Please give every line below again exactly, but not its pictures.

- **Material for this task**:
+===+

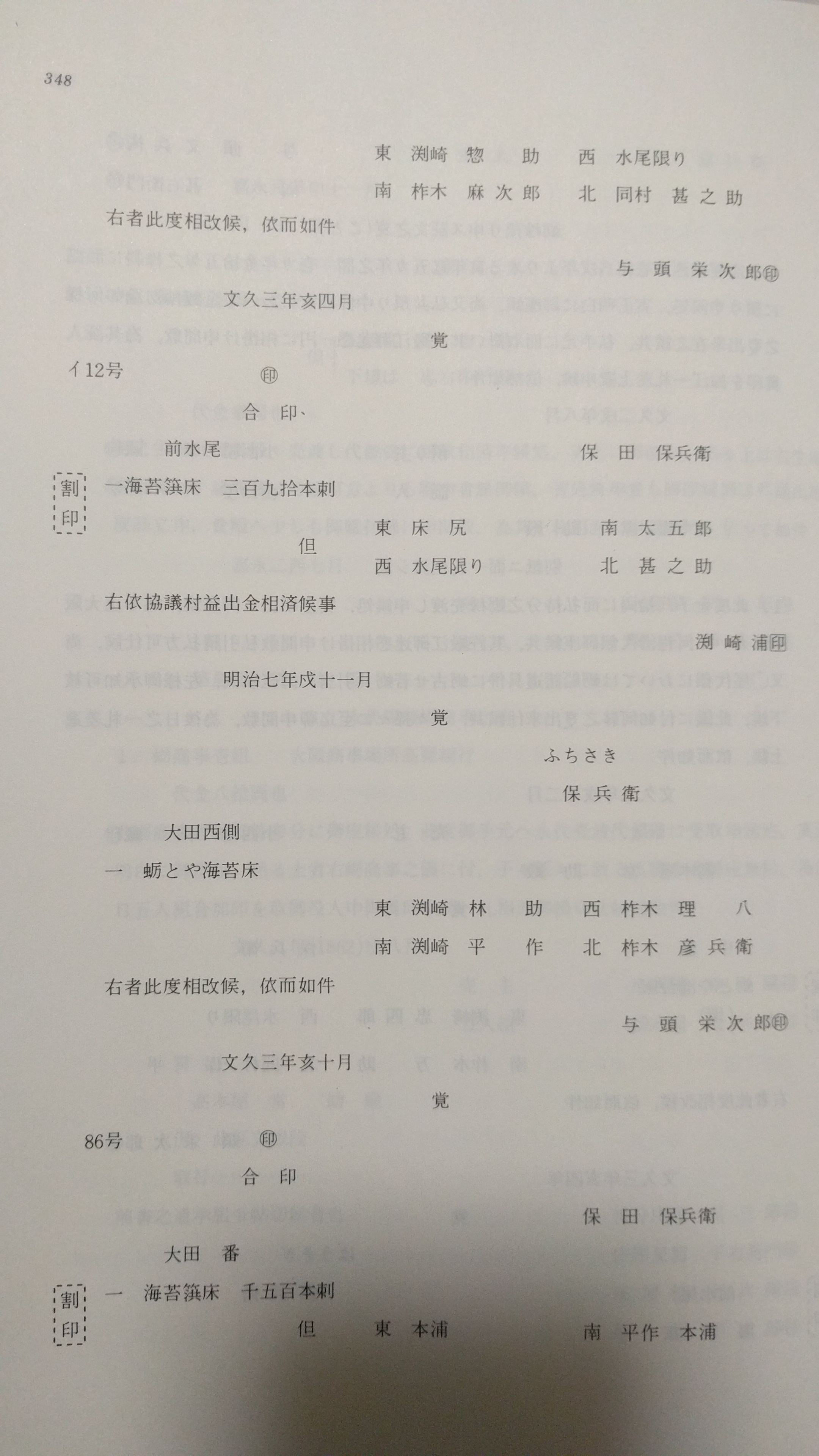 1862(文久2)年に「先・保兵衛(39歳)」「彦兵衛(28歳)」、1875(明治7)年「保田保兵衛(29歳)」が柞木・渕崎のカキ床、ノリ床の漁場所有権、営業権を譲渡しました(「広島太田川デルタの漁業史 第2輯」より)。
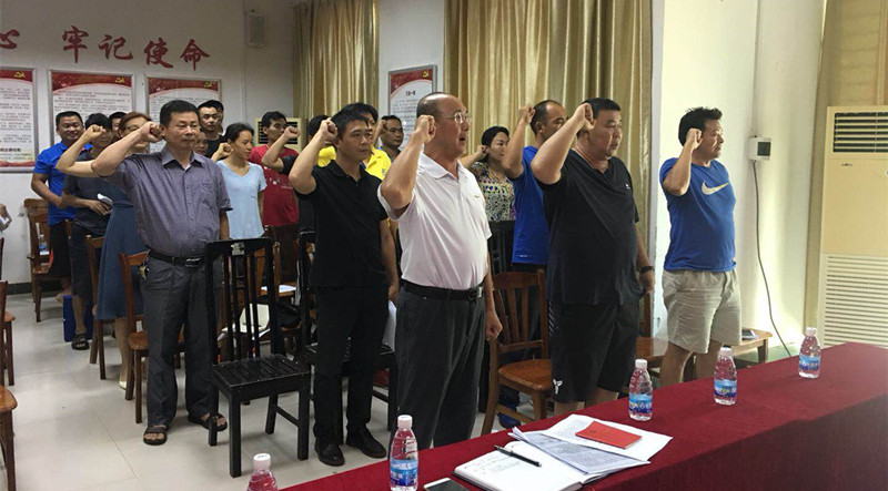 会议第一项由陈泰豪书记带领全体党员重温入党誓词。大家举起右拳,面向党旗,庄严进行了宣誓,又一次接受了洗礼。通过重温入党誓词,加强党员的革命传统教育,提高党员的党性修养,使党员牢记自己曾经宣誓的责任和义务,不忘初心,继续前进。
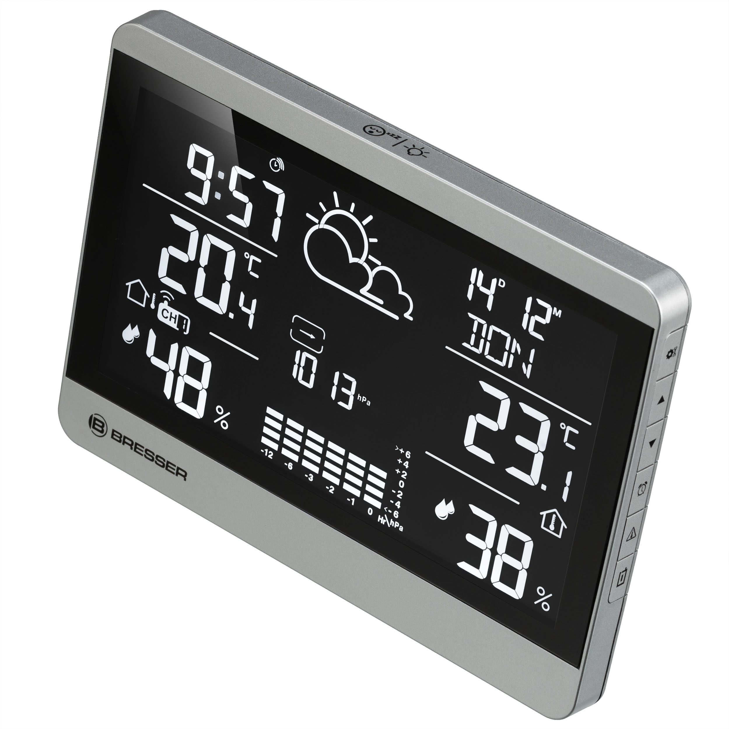 Okrem počasia potrebujeme aj správnu vnútornú klímu, aby sme sa cítili príjemne. Preto bezdrôtová meteostanica BRESSER meria nielen vonkajšiu teplotu a vlhkosť, ale aj hodnoty vo vnútri domu. Vďaka tomu môžete optimálne regulovať vnútornú klímu a zabezpečiť príjemnú atmosféru vo vašej domácnosti, ale aj v kancelárii a podobne. Ideálne na prispôsobenie vykurovacích a vetracích návykov.
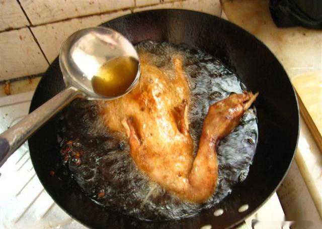 炒锅置旺火,放入花生油,烧至七成热,将鸭子皮抹匀酱油25 克,背面向上,下锅炸至金黄色时捞起。
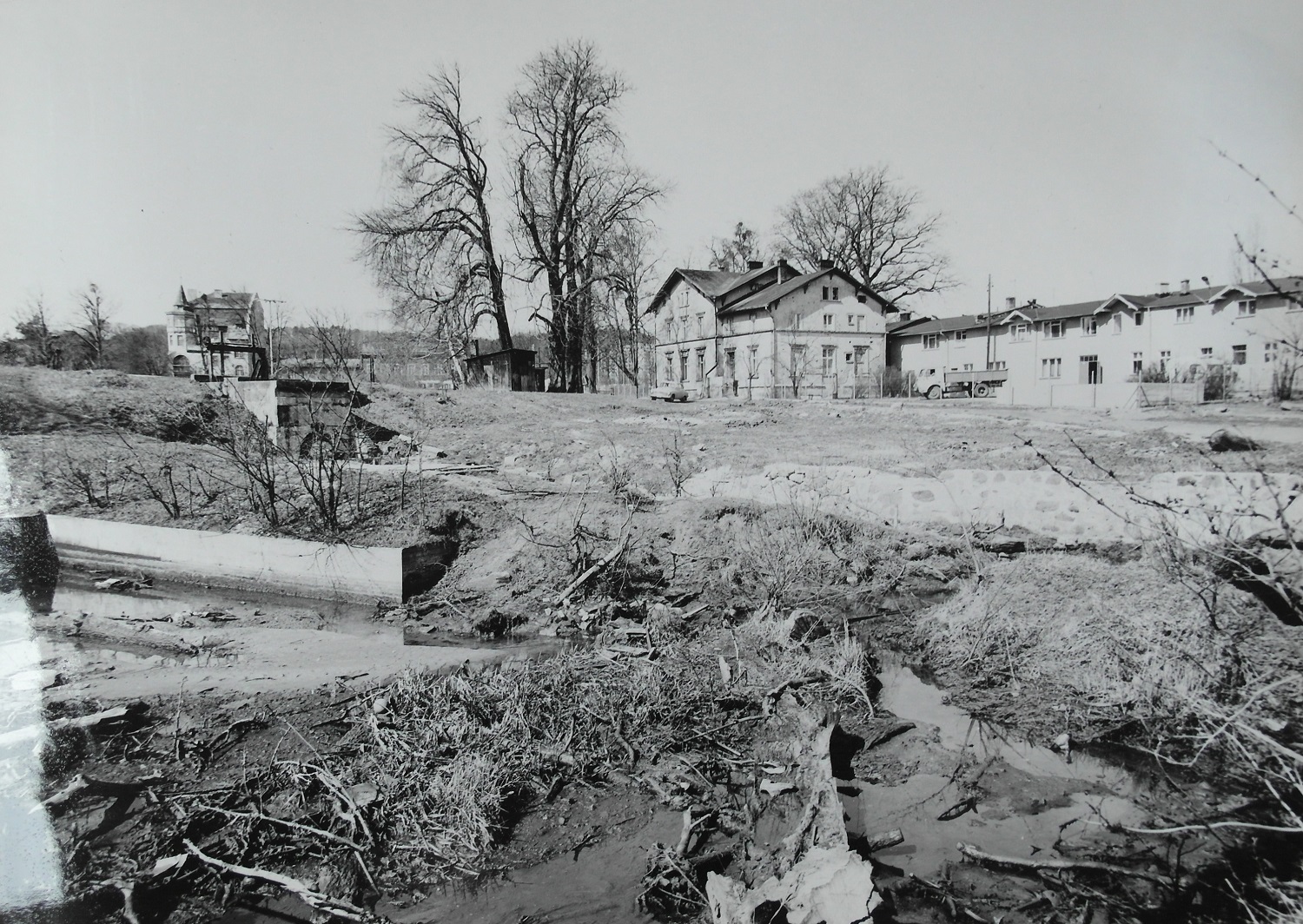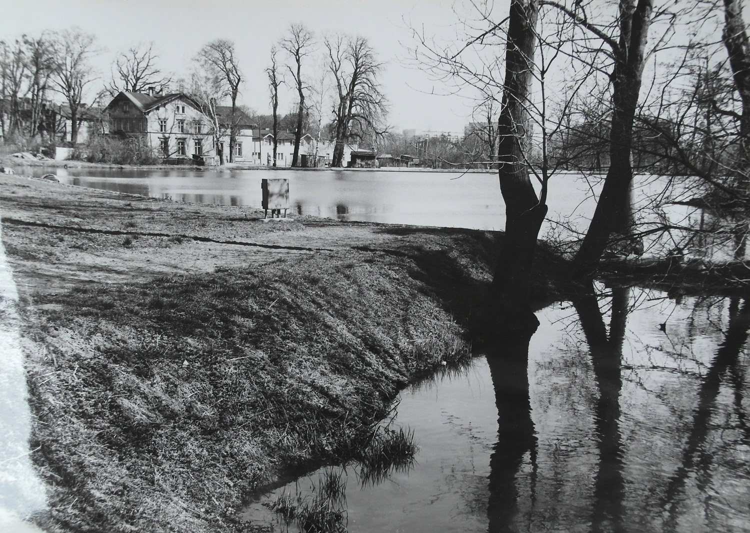 Staw i młyn widziany z ul. Grunwaldzkiej. Zima 1962-1963 roku. Z albumu rodzinnego Hieronima Furmńskiego.

+===+

- **Task output**:
 1862(文久2)年に「先・保兵衛(39歳)」「彦兵衛(28歳)」、1875(明治7)年「保田保兵衛(29歳)」が柞木・渕崎のカキ床、ノリ床の漁場所有権、営業権を譲渡しました(「広島太田川デルタの漁業史 第2輯」より)。
 会议第一项由陈泰豪书记带领全体党员重温入党誓词。大家举起右拳,面向党旗,庄严进行了宣誓,又一次接受了洗礼。通过重温入党誓词,加强党员的革命传统教育,提高党员的党性修养,使党员牢记自己曾经宣誓的责任和义务,不忘初心,继续前进。
 Okrem počasia potrebujeme aj správnu vnútornú klímu, aby sme sa cítili príjemne. Preto bezdrôtová meteostanica BRESSER meria nielen vonkajšiu teplotu a vlhkosť, ale aj hodnoty vo vnútri domu. Vďaka tomu môžete optimálne regulovať vnútornú klímu a zabezpečiť príjemnú atmosféru vo vašej domácnosti, ale aj v kancelárii a podobne. Ideálne na prispôsobenie vykurovacích a vetracích návykov.
 炒锅置旺火,放入花生油,烧至七成热,将鸭子皮抹匀酱油25 克,背面向上,下锅炸至金黄色时捞起。
 Staw i młyn widziany z ul. Grunwaldzkiej. Zima 1962-1963 roku. Z albumu rodzinnego Hieronima Furmńskiego.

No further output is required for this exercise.